Work instructions | Of the records that follow, copy only the lines from the line containing "Розміри 180 ×" to the line containing "(춘천=연합뉴스) 양지웅 기자", both included, exactly as written.

Records for this task |
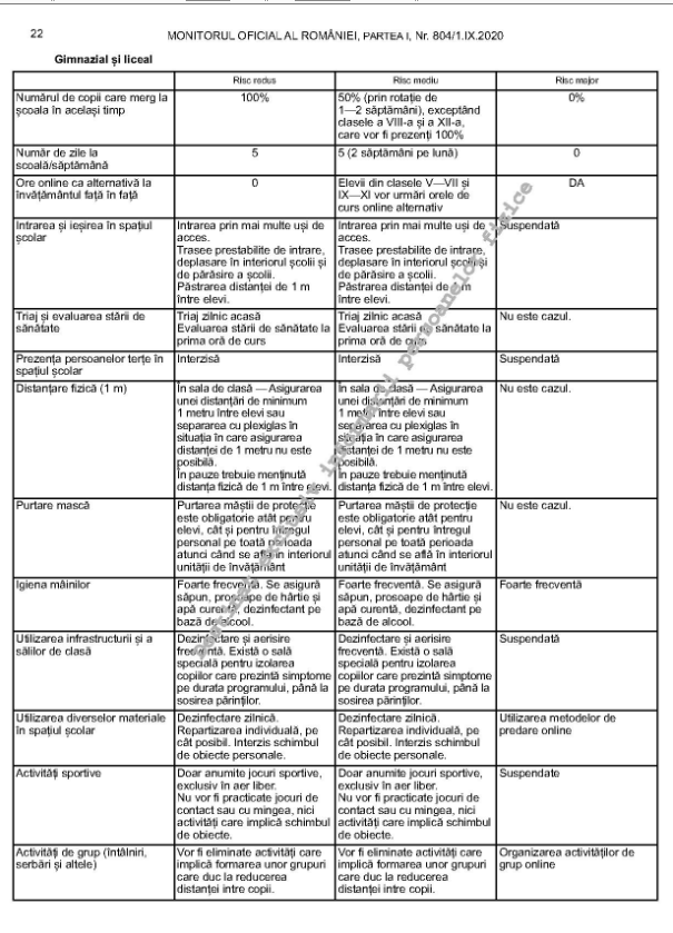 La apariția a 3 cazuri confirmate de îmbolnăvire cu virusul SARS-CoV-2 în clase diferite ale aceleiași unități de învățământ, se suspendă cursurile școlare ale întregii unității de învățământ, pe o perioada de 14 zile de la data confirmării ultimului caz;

--

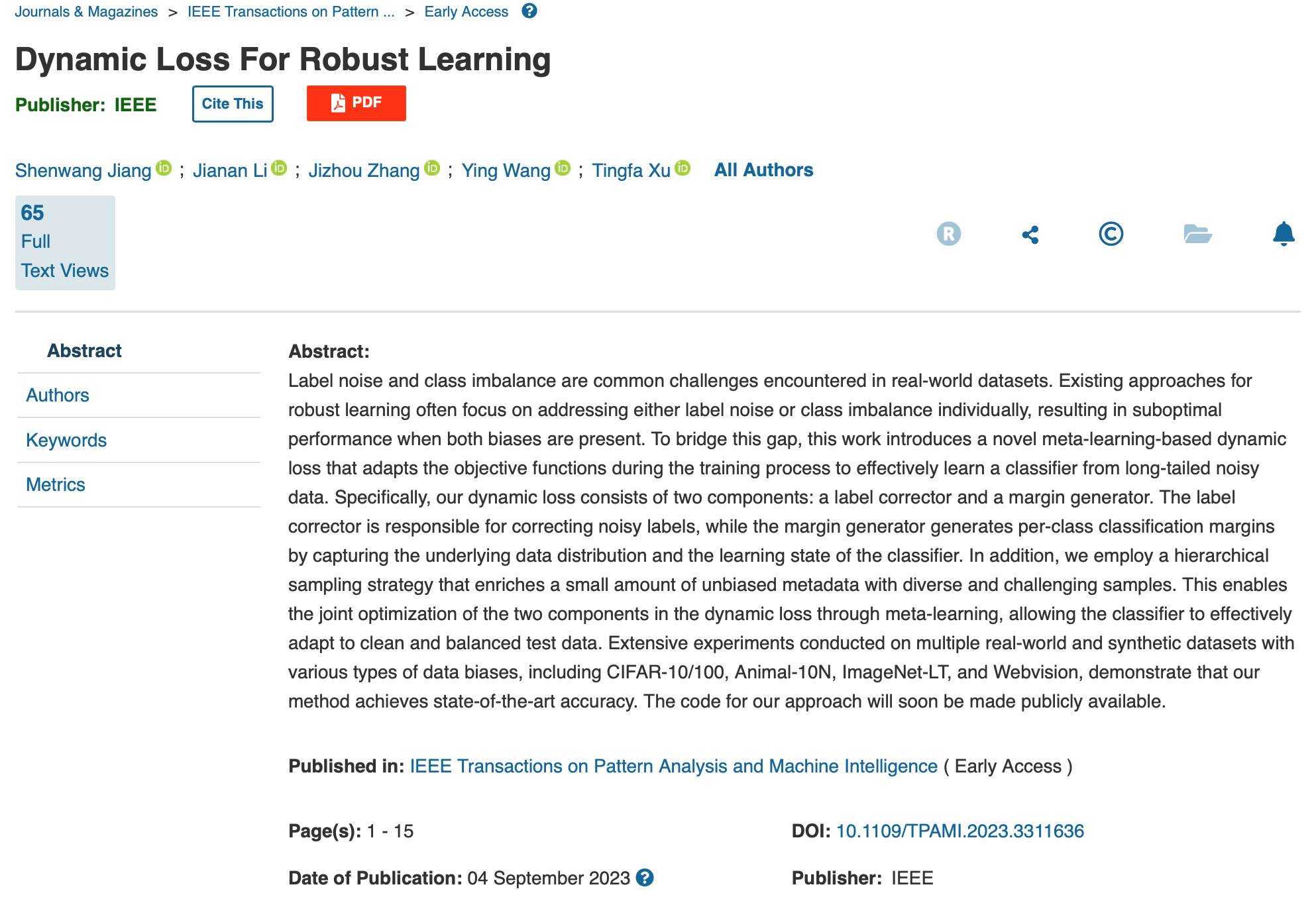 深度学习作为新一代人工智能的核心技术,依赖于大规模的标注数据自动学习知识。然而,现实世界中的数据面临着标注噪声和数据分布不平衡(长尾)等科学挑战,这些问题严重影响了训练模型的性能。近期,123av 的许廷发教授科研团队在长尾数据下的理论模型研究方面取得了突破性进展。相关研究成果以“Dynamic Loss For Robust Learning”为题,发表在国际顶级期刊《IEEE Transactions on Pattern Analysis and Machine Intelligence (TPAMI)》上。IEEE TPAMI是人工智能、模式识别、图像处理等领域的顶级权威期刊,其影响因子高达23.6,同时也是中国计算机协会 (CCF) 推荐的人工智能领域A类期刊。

---

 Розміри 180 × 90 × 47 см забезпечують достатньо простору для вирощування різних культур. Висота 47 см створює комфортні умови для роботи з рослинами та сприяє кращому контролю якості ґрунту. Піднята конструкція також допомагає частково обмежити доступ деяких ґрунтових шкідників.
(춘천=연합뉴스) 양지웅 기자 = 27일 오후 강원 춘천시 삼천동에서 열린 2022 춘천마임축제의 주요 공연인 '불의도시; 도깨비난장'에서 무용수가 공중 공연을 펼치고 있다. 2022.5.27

Answer for the task |
 Розміри 180 × 90 × 47 см забезпечують достатньо простору для вирощування різних культур. Висота 47 см створює комфортні умови для роботи з рослинами та сприяє кращому контролю якості ґрунту. Піднята конструкція також допомагає частково обмежити доступ деяких ґрунтових шкідників.
(춘천=연합뉴스) 양지웅 기자 = 27일 오후 강원 춘천시 삼천동에서 열린 2022 춘천마임축제의 주요 공연인 '불의도시; 도깨비난장'에서 무용수가 공중 공연을 펼치고 있다. 2022.5.27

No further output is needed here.